Here is why we need more diversity programs in cybersecurity
Diverse companies are stronger, with broader skills, and brew more innovation - all absolutely necessary for cybersecurity
It must be said that for years now, we have known that diversity not only matters, representation not only is important, but it also pushes companies forward. Several studies have shown that diverse teams are more likely to have above-average profitability, and all types of diversity, be it gender, ethnicity, culture or others, will positively affect companies.
When it comes to cybersecurity, then, the need for diversity becomes even greater. It makes sense, once diverse teams tend to have a broader set of skills, view problems through different aspects and come up with several - instead of standardised - possible solutions.
Unlike what was perceived decades ago, diverse companies work well together, tend to learn and grow well and, as we can attest ourselves, are just more fun to work at. An environment (work or not) that simply accepts differences and learns from them is just more nurturing than a strict standard and, let's face it, dull one.

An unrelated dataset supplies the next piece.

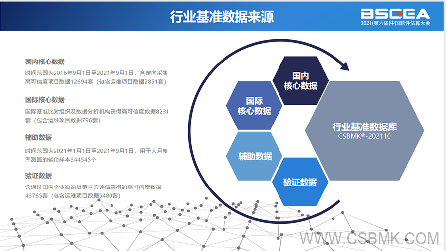 行業(yè)基準數據庫中的數據除了來(lái)自國內、國際的核心數據外,為了保證行業(yè)基準數據的客觀(guān)性和可靠性,還會(huì )使用大量的驗證數據和輔助數據用于交叉驗證及對行業(yè)數據進(jìn)行校正。2021年度基準數據使用的用于人月費率測算的輔助樣本達到了344545 個(gè),使用的驗證數據包括了國內企業(yè)咨詢(xún)及第三方評估高可信度數據 43765 套(包含運維項目數據 5480 套)。

Different heroes against different villains
Let's be clear: the reason why cybersecurity is so relevant is that there are countless people out there trying to breach systems, steal data, and turn companies and individuals into victims. Therefore, an overwhelming part of our work as infosec people is anticipating attacks, new techniques and methods that other human beings are creating.

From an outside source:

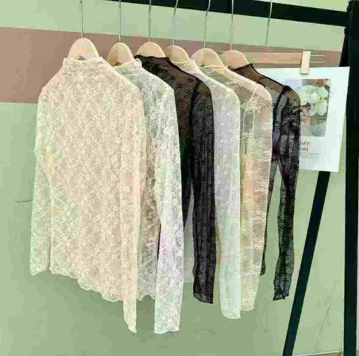 1300件半高领木耳边蕾丝打底衫女玫瑰花法式网纱内搭别...

And these hackers, we know, are diverse. They come from different backgrounds, study in different areas, and acquire specific skills and thinking methods in order to do what they do. And so must we!
It may sound cheesy, but the truth is that if we see hackers as villains, then we need a diverse team of heroes to fight the threats. As cybercrime becomes ever more complex and creative, we need holistic teams with professionals from distinct cultural and personal backgrounds.
The advantage of the tech sector
Even though it seems that cybersecurity is a market that needs diversity even more than others, due to the multiple threats that it faces, the tech sector as a whole has a huge benefit from helping prioritise this goal of plural teams.
It is not uncommon for tech professionals to be self-taught or to follow a non-linear career path, eliminating traditional perspectives on fancy degrees and expensive education certificates. This opens the doors to so many people - and it is certainly one of the best advantages of the tech world. We live in an era of hybrid, remote and flexible career options, where the climb is not always linear and necessarily to the top.
Everyone is welcome; education is constant, collaborative, and primarily accessible. A Global Information Security Workforce Study showed that 87 percent of the cybersecurity workers globally did not start in the field. Additionally, 33 percent of executives and C-suite professionals in the sector began in non-technical careers. The same study showed that, despite most workers not having started in cybersecurity, 94 percent of hiring managers still indicate that existing experience in the field is an important consideration.
This only highlights the issue with cybersecurity recruitment - and reinforces the need for proper, diversity-focused recruitment programs. The opportunity and the benefits of diverse recruitment are endless. Companies need to create proper channels to find these talents, and diversity programs help rethink certain outdated practices.
At Vaultree, we believe diversity is the only way forward. One of our diversity initiatives is to proudly support WOMCY, a non-profit organisation made up of women with a focus on the development of cybersecurity.